[Items listed in a dataset]
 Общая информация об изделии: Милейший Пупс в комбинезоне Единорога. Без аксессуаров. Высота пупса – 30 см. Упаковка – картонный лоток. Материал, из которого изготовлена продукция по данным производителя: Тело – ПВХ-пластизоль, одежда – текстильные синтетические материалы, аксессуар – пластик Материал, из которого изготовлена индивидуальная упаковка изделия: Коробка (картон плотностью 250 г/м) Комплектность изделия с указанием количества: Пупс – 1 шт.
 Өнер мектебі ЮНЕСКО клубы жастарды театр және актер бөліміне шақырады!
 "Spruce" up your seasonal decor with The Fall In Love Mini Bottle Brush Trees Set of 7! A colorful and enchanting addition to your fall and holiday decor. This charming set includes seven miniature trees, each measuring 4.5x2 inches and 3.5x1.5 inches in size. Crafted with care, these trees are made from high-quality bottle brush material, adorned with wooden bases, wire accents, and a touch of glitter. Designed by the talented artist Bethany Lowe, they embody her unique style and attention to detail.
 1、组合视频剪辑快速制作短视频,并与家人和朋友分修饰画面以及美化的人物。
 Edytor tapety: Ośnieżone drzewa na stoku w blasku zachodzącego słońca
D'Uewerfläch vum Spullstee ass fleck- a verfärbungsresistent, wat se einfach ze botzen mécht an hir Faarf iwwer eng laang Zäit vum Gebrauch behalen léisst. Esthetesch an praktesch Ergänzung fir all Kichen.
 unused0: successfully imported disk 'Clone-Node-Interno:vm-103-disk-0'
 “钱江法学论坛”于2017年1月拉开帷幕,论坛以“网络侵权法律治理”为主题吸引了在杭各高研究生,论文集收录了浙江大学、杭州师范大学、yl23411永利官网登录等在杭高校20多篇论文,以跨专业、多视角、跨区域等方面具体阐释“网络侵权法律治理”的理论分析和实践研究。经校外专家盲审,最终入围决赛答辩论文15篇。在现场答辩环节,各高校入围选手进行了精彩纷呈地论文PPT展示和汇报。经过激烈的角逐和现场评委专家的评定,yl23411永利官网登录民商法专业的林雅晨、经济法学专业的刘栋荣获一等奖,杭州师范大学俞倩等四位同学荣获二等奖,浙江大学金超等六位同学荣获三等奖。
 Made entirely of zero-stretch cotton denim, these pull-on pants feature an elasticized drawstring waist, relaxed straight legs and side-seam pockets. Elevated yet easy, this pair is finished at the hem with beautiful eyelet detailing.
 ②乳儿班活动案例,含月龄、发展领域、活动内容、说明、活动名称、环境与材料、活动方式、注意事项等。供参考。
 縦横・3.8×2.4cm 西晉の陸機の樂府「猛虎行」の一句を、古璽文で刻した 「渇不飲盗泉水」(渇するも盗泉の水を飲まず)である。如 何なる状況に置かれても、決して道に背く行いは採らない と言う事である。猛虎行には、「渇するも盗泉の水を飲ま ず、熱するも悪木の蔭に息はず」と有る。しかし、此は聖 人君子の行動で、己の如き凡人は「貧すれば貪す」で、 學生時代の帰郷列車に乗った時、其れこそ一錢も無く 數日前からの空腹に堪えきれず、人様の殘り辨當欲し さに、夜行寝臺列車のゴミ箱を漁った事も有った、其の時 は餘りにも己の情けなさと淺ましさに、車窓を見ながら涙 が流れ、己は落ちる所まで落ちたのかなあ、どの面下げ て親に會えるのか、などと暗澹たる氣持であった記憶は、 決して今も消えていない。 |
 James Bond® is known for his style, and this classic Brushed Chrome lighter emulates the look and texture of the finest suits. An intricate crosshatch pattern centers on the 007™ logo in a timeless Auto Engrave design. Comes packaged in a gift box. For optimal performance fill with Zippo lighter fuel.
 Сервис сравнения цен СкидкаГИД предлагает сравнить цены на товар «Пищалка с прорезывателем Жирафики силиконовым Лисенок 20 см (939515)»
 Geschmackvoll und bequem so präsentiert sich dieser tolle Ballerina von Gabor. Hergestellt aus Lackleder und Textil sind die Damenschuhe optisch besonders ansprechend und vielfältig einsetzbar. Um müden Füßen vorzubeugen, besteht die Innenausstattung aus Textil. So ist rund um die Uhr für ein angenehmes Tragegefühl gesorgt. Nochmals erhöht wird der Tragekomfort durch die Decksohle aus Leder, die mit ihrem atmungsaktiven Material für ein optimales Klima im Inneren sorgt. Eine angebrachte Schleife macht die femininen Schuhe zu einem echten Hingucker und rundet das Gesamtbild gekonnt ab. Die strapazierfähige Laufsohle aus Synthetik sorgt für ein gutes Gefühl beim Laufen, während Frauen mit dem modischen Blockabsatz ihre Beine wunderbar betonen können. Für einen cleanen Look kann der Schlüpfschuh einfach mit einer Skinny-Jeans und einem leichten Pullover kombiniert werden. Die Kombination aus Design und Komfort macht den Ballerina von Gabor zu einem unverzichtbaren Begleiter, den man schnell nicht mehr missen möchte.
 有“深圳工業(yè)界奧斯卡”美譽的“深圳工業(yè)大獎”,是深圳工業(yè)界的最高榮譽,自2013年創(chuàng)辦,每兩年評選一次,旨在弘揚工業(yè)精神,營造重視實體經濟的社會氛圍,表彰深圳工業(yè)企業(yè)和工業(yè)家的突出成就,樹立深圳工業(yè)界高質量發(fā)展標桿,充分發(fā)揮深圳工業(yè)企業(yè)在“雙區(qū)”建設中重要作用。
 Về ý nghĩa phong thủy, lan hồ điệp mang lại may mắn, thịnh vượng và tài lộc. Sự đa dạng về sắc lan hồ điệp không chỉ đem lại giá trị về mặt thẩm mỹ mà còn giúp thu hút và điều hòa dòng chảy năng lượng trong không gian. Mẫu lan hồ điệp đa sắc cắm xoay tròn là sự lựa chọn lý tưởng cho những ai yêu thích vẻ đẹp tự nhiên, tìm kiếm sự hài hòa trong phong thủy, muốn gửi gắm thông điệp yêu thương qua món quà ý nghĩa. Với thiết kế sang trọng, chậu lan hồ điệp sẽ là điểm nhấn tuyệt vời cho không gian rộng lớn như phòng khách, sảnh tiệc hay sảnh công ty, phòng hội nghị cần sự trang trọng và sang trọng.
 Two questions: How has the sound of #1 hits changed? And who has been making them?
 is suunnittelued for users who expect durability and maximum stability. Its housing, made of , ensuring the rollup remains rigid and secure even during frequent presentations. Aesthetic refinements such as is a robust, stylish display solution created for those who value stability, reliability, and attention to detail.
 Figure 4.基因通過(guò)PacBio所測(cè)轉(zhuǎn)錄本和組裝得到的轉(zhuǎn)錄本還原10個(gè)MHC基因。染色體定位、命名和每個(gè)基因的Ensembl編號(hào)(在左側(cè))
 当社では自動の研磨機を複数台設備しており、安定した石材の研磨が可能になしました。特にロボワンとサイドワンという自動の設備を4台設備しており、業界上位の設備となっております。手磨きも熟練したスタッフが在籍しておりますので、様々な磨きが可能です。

* _DIRECTIONS FOR THIS TASK_: From the first line of the data through the line with "Өнер мектебі ЮНЕСКО", quote each line exactly and add nothing else.

* _SOLUTION FOR THIS EXERCISE_:
 Общая информация об изделии: Милейший Пупс в комбинезоне Единорога. Без аксессуаров. Высота пупса – 30 см. Упаковка – картонный лоток. Материал, из которого изготовлена продукция по данным производителя: Тело – ПВХ-пластизоль, одежда – текстильные синтетические материалы, аксессуар – пластик Материал, из которого изготовлена индивидуальная упаковка изделия: Коробка (картон плотностью 250 г/м) Комплектность изделия с указанием количества: Пупс – 1 шт.
 Өнер мектебі ЮНЕСКО клубы жастарды театр және актер бөліміне шақырады!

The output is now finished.